The color green also tells of plenteous summer rains. So much green still, in November!





But there is red, also, and I need to learn the name of this ground-hugging plant, which can also be found along the edges of the highway, breaking through the pavement. 




And here is Peasy again. Because you never tire of Peasy pictures, do you? Isn't he a pretty boy?

 



As the desert day continues, it will often include a trip into our nearby town of Willcox, but I’ll save Willcox for another day and tell you now about evening and night in the high desert. In late afternoon, an insect chorus starts up and continues into dusk. Are the singers crickets or cicadas or a blended choir of both? Whatever they are, they settle down as darkness falls. Everything goes quiet then unless a dog barks in the distance. It is then that stars take ownership of the desert – stars, jets high overhead, too far away to hear, and maybe a silent satellite zipping and blinking by. Once in a while coyotes yip, that familiar sound that reminded me of our Michigan home the first winter we spent here in the ghost town.

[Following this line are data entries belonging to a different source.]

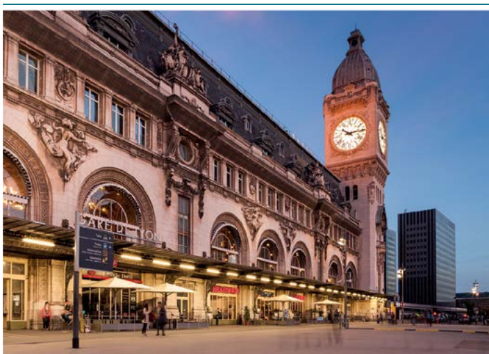
Gare de Lyon

Podróż samochodem to dosyć wygodny sposób na dojazd do Paryża, i tani, jeśli na benzynę składa się kilka osób.
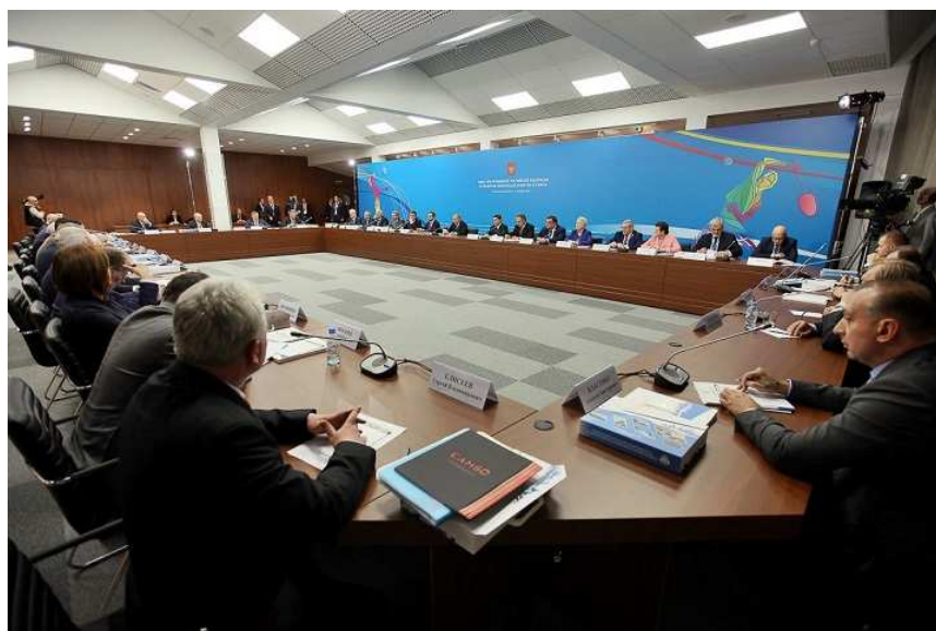
Доброград – основная площадка Форума «Россия – спортивная держава» (Доброград, 11.10.2016)

«11 октября 2016 г. Президент России Владимир Путин провёл заседание Совета при Президенте по развитию физической культуры и спорта. Мероприятие прошло в Доброграде в рамках VI Международного форума «Россия – спортивная держава».
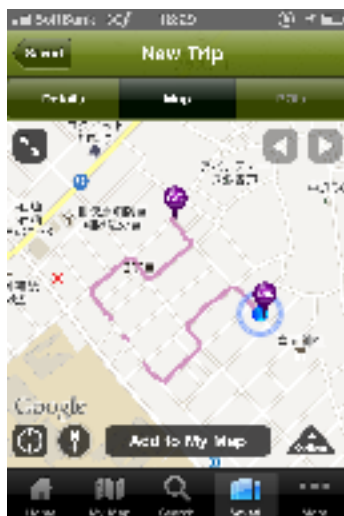
「2.5%」肢体不自由者の数
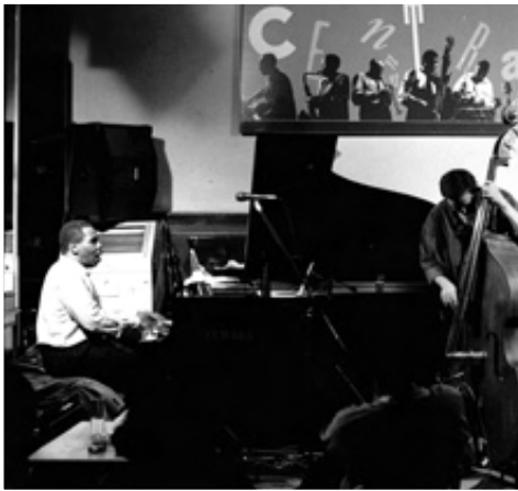
GEORGE CABLES TRIO, 1994
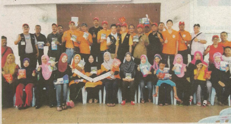
Sebahagian Komuniti Combi Pangsapuri Impian Bandar Saujana Putra.
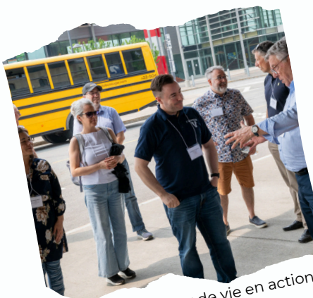
Tournée de milieux de vie en action
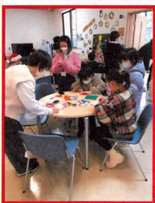
クリスマス飾りづくり
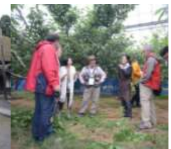
そうべつくだもの村
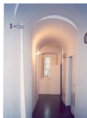
CASTELLO DI RIVOLI, CENTRO EDUCATIVO

Progetto opere di consolidamento strutturale Collaborazione alla direzione lavori
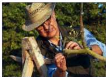
Realizando un injerto.

Morning, afternoon, evening -- I feel very peaceful here. No doubt part of my contentment is the freedom of seasonal retirement: no schedule to keep, no daily obligations except to care for my little family. I haven't yet finished the exciting book about the steeplechase riding woman in Czechoslovakia. So many possibilities present themselves every hour, it's hard to settle down! 


Who lives here in this ghost town, delighting in open space and in friendly neighbors? For now, the Artist and I and our special needs dog are right at home. I'll tell you more about desert dog's behavior here in my next post. Or the one after that, maybe. Because who knows what the future holds?


The sandhill cranes have come for the winter, too.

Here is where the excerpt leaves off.